=== GIVEN ENTRIES ===
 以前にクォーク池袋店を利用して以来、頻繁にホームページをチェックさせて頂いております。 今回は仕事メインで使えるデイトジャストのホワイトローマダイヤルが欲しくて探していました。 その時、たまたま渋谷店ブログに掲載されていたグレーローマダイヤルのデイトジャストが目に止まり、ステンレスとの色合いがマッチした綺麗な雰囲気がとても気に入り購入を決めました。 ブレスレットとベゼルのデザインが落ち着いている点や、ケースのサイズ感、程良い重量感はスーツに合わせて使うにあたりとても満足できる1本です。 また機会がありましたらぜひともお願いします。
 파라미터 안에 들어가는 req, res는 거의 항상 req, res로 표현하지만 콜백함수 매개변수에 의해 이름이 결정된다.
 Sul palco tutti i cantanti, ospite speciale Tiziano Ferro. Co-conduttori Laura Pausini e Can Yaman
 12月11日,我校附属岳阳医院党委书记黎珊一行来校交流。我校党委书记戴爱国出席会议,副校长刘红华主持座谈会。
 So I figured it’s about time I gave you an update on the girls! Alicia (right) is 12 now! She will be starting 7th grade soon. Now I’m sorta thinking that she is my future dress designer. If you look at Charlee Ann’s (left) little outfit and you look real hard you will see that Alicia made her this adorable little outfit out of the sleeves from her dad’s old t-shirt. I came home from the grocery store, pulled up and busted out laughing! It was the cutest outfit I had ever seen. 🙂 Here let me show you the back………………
===
=== GIVEN ENTRIES ===
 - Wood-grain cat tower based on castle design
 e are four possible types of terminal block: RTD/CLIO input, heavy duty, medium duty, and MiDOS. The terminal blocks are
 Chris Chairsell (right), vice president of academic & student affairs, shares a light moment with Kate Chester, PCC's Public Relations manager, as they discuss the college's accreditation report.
===
=== GIVEN ENTRIES ===
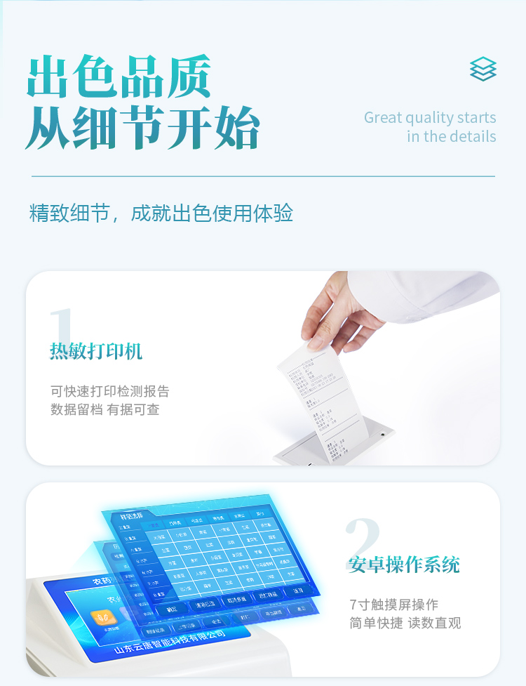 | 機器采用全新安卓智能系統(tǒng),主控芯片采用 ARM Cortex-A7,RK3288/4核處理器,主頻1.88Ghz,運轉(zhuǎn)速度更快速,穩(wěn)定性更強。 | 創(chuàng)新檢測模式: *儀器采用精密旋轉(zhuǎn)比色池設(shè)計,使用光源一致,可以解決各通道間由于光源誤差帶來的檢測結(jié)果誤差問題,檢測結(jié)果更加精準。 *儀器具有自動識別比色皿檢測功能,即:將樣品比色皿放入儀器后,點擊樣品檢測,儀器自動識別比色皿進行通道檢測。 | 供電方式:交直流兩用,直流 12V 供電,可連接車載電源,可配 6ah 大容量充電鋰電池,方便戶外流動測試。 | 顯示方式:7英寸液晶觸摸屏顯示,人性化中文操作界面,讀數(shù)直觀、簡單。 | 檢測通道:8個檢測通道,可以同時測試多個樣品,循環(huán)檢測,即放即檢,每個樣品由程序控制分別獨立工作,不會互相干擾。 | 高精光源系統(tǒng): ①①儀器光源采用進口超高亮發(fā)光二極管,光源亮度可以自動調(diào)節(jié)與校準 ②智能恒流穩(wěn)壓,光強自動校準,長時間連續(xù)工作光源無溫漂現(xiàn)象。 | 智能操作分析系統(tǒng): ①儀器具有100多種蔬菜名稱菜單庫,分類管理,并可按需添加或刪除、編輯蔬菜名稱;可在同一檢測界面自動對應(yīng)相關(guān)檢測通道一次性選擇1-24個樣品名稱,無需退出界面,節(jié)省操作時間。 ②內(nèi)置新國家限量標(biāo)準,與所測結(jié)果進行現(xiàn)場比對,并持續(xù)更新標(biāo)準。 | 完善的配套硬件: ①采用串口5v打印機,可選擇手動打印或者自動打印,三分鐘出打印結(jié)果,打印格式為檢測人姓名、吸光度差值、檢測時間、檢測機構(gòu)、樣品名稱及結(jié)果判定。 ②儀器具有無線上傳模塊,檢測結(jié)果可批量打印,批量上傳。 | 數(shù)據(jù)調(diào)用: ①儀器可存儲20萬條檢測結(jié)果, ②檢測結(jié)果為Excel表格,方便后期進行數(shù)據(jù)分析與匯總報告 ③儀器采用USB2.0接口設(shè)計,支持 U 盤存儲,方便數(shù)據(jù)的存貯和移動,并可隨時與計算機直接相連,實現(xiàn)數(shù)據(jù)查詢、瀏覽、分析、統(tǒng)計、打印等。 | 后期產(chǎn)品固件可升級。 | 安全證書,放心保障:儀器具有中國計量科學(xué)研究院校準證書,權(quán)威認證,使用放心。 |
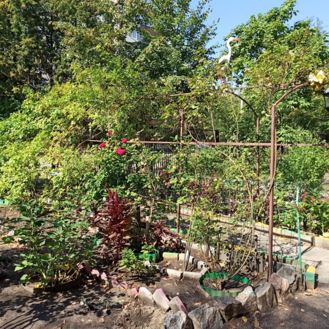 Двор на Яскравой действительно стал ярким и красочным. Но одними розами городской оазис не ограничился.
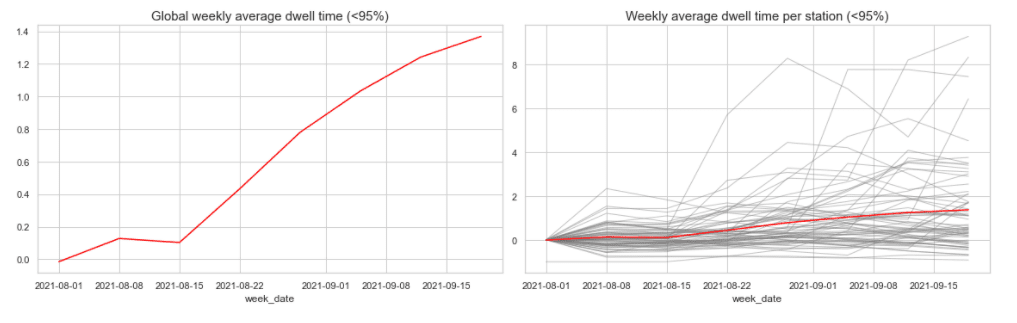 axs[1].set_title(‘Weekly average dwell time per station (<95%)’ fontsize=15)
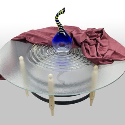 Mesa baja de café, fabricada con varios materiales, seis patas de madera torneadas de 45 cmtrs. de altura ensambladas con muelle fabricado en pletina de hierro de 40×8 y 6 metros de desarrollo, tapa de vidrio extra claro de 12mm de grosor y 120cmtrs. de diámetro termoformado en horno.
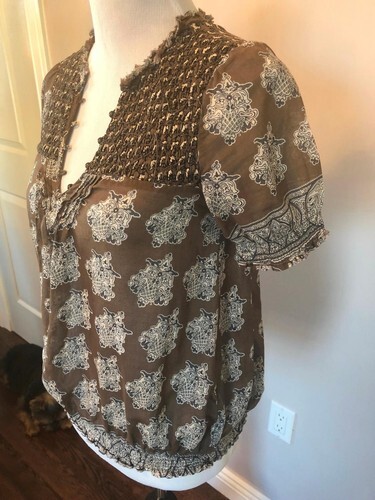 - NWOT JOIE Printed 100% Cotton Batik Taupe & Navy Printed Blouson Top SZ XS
===
WORK ITEM
Return only the part of the records above that opens with the line containing "- Wood-grain cat" and closes with the line containing "Chris Chairsell (right), vice", ends included.

ANSWER SECTION
 - Wood-grain cat tower based on castle design
 e are four possible types of terminal block: RTD/CLIO input, heavy duty, medium duty, and MiDOS. The terminal blocks are
 Chris Chairsell (right), vice president of academic & student affairs, shares a light moment with Kate Chester, PCC's Public Relations manager, as they discuss the college's accreditation report.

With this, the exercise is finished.